TRY IT:
Every entry must reappear in your answer exactly as written, though its pictures must not.

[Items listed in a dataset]
··········

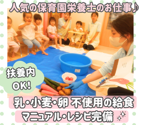 ★2026年4月入社★3大アレルゲンを使わない献立の「おもいっきり給食」を提供♪みんなで同じメニューを食べる楽しさを感じながら、体づくりと食べることに重点を置いています☆!みんなが笑顔になれる給食を一緒に作りましょう!
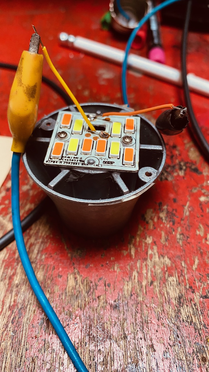 Mein erster Verdacht: die LEDs! Vielleicht ein Bonddraht, der sich gelöst hat. Also alle LEDs einzeln geprüft (am Niederspannungsnetzteil mit 30mA): alle leuchten. Auch interessant: 4 LED Chips haben offenbar intern 4 LEDs, die anderen 6 Chips haben 5 interne LEDs. Man kann das auch sehen, wenn man genau hinschaut. Aber
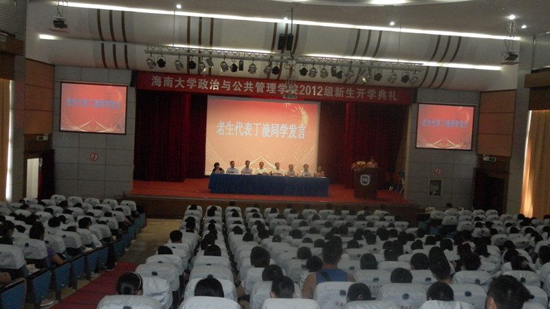 2012年9月4日上午8点,william威廉英国官网政治与公共管理学院在原行政办公楼二楼报告厅隆重举行2012级新生开学典礼,院长安应民,党委书记王默忠,党委副书记段捷频,副院长江红义,行政办主任陈秀彬,各系主任,及广大教职工出席;2012级的290多名新生和部分家长、老生代表一同参加。大会由院党委副书记段捷频主持。
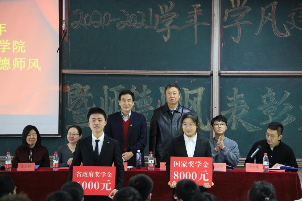 大会首先对学院第四届“最美教师”李静、“教书育人楷模”赵蕾进行了表彰。“最美教师”李静上台发言,分享了自己在教学以及班主任工作中的心得体会。随后,对国家奖学金、省政府奖学金、国家和省政府励志奖学金、祥隆奖学金、董事长奖学金等学院各类奖学金以及优良学风新星班、先进班集体进行了表彰。领导老师对获奖代表一一颁奖,希望受表彰的个人和集体珍惜荣誉、再创佳绩。接着,国家奖学金获得者詹梦燃同学分享了她在学习和工作中的收获与体会,鼓励大家珍惜韶华,发奋学习,努力工作,为学校、学院的发展积极贡献力量。先进班集体代表张嘉恒、林雪静分享了班级的经验做法,优秀的班集体离不开每一位同学的努力。随后,经理、党总支书记金海珠总结发言,他对获得表彰的师生表示祝贺,对一年来为学院发展作出贡献的全体师生表示感谢。希望大家都能向今天获表彰的师生学习,以他们为榜样。师德师风和学风建设始终是学院的重要工作,要常抓不懈。最后,学习部部长陆莹莹带领全体员工作诚信考试宣誓。
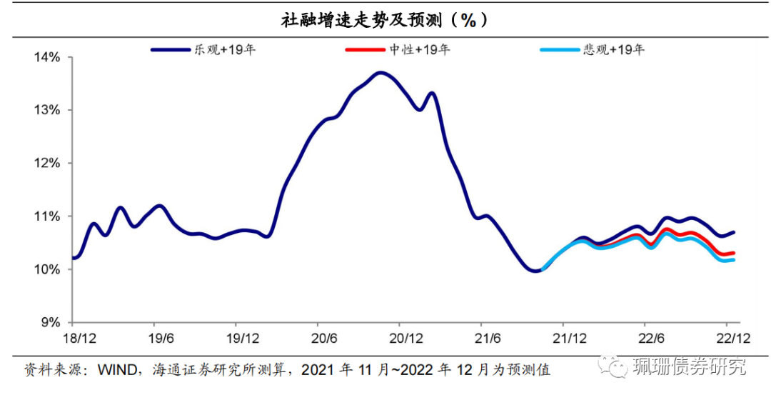 我们认为,仅从央行社融增速与名义GDP增速基本匹配的目标考虑,预计2022年社融增速先上后下、增速对应10.1~10.6%左右。从央行社融增速与名义GDP增速基本匹配的目标来看,2022年社融增速或在10.1%~10.6%左右。19年以来货币政策中介目标转为M2和社会融资规模增速与GDP名义增速基本匹配。19年2季度货币政策执行报告中,央行认为6月末社融存量增速(当时口径10.9%,下同)与名义GDP增速(8.3%)基本匹配,这意味着社融-名义GDP增速差的合意区间或在2.6%左右。央行论文《“十四五”期间我国潜在产出和增长动力的测算研究》显示2022年我国潜在GDP增速或为5.5%,IMF预测2022年我国GDP实际增速为5.6%,假设明年GDP平减指数为2%~2.5%,则2022年名义GDP增速或为7.5%~8 %,那么对应社融增速为10.1%~10.6%。此外,19Q3货币政策报告中表示9月末社会融资规模增速(10.8%)与前三季度名义GDP增速(7.6%)基本匹配并略高,这意味着在社融-GDP名义增速基本匹配的情况下,2022年社融增速大幅超过11%的可能性很小。![]()
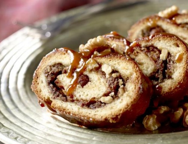 8. Rulăm aluatul ca pe o ruladă şi apoi îl punem în formă de cozonac. Înainte de a introduce cozonacul la cuptor îl crestăm deasupra cu un cuţit cam de 2-3 ori pe diagonală. Crestăturile trebuie să fie scurte, cam de ½ cm, tocmai pentru a crăpa frumos în timp ce e la cuptor. Coacem cozonacul timp de 35 – 40 de minute la 180 ° C. Imediat ce îl scoatem din cuptor, răsturnăm cozonacul, aşa fierbinte, pe un platou. Altfel, dacă este lăsat să se răcească, zahărul caramelizat se va întări şi nu va mai putea fi scos din formă.
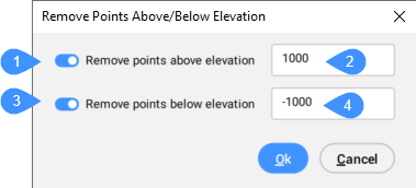 移除指定高程以下或高于高度的TIN点,并显示已移除的点数。
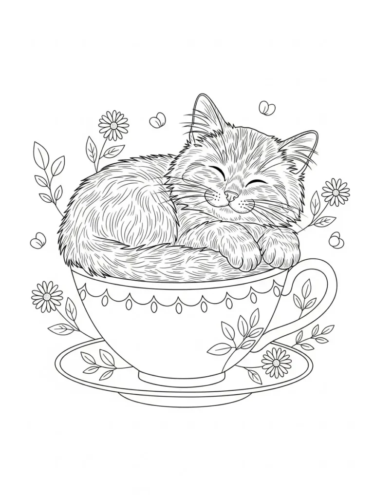 This coloring page shows an adorable fluffy kitten curled up inside a teacup, fast asleep with a peaceful smile on its face. The kitten’s fur is drawn with soft flowing lines that add texture without feeling too busy, while the teacup features gentle decorative details along the rim and base. Small flowers leaves and tiny heart shapes surround the cup, giving the whole design a sweet cozy vibe. The line thickness is clean and balanced, making it easy to color while still feeling detailed and charming.

··········

ANSWER BOX:
 ★2026年4月入社★3大アレルゲンを使わない献立の「おもいっきり給食」を提供♪みんなで同じメニューを食べる楽しさを感じながら、体づくりと食べることに重点を置いています☆!みんなが笑顔になれる給食を一緒に作りましょう!
 Mein erster Verdacht: die LEDs! Vielleicht ein Bonddraht, der sich gelöst hat. Also alle LEDs einzeln geprüft (am Niederspannungsnetzteil mit 30mA): alle leuchten. Auch interessant: 4 LED Chips haben offenbar intern 4 LEDs, die anderen 6 Chips haben 5 interne LEDs. Man kann das auch sehen, wenn man genau hinschaut. Aber
 2012年9月4日上午8点,william威廉英国官网政治与公共管理学院在原行政办公楼二楼报告厅隆重举行2012级新生开学典礼,院长安应民,党委书记王默忠,党委副书记段捷频,副院长江红义,行政办主任陈秀彬,各系主任,及广大教职工出席;2012级的290多名新生和部分家长、老生代表一同参加。大会由院党委副书记段捷频主持。
 大会首先对学院第四届“最美教师”李静、“教书育人楷模”赵蕾进行了表彰。“最美教师”李静上台发言,分享了自己在教学以及班主任工作中的心得体会。随后,对国家奖学金、省政府奖学金、国家和省政府励志奖学金、祥隆奖学金、董事长奖学金等学院各类奖学金以及优良学风新星班、先进班集体进行了表彰。领导老师对获奖代表一一颁奖,希望受表彰的个人和集体珍惜荣誉、再创佳绩。接着,国家奖学金获得者詹梦燃同学分享了她在学习和工作中的收获与体会,鼓励大家珍惜韶华,发奋学习,努力工作,为学校、学院的发展积极贡献力量。先进班集体代表张嘉恒、林雪静分享了班级的经验做法,优秀的班集体离不开每一位同学的努力。随后,经理、党总支书记金海珠总结发言,他对获得表彰的师生表示祝贺,对一年来为学院发展作出贡献的全体师生表示感谢。希望大家都能向今天获表彰的师生学习,以他们为榜样。师德师风和学风建设始终是学院的重要工作,要常抓不懈。最后,学习部部长陆莹莹带领全体员工作诚信考试宣誓。
 我们认为,仅从央行社融增速与名义GDP增速基本匹配的目标考虑,预计2022年社融增速先上后下、增速对应10.1~10.6%左右。从央行社融增速与名义GDP增速基本匹配的目标来看,2022年社融增速或在10.1%~10.6%左右。19年以来货币政策中介目标转为M2和社会融资规模增速与GDP名义增速基本匹配。19年2季度货币政策执行报告中,央行认为6月末社融存量增速(当时口径10.9%,下同)与名义GDP增速(8.3%)基本匹配,这意味着社融-名义GDP增速差的合意区间或在2.6%左右。央行论文《“十四五”期间我国潜在产出和增长动力的测算研究》显示2022年我国潜在GDP增速或为5.5%,IMF预测2022年我国GDP实际增速为5.6%,假设明年GDP平减指数为2%~2.5%,则2022年名义GDP增速或为7.5%~8 %,那么对应社融增速为10.1%~10.6%。此外,19Q3货币政策报告中表示9月末社会融资规模增速(10.8%)与前三季度名义GDP增速(7.6%)基本匹配并略高,这意味着在社融-GDP名义增速基本匹配的情况下,2022年社融增速大幅超过11%的可能性很小。![]()
 8. Rulăm aluatul ca pe o ruladă şi apoi îl punem în formă de cozonac. Înainte de a introduce cozonacul la cuptor îl crestăm deasupra cu un cuţit cam de 2-3 ori pe diagonală. Crestăturile trebuie să fie scurte, cam de ½ cm, tocmai pentru a crăpa frumos în timp ce e la cuptor. Coacem cozonacul timp de 35 – 40 de minute la 180 ° C. Imediat ce îl scoatem din cuptor, răsturnăm cozonacul, aşa fierbinte, pe un platou. Altfel, dacă este lăsat să se răcească, zahărul caramelizat se va întări şi nu va mai putea fi scos din formă.
 移除指定高程以下或高于高度的TIN点,并显示已移除的点数。
 This coloring page shows an adorable fluffy kitten curled up inside a teacup, fast asleep with a peaceful smile on its face. The kitten’s fur is drawn with soft flowing lines that add texture without feeling too busy, while the teacup features gentle decorative details along the rim and base. Small flowers leaves and tiny heart shapes surround the cup, giving the whole design a sweet cozy vibe. The line thickness is clean and balanced, making it easy to color while still feeling detailed and charming.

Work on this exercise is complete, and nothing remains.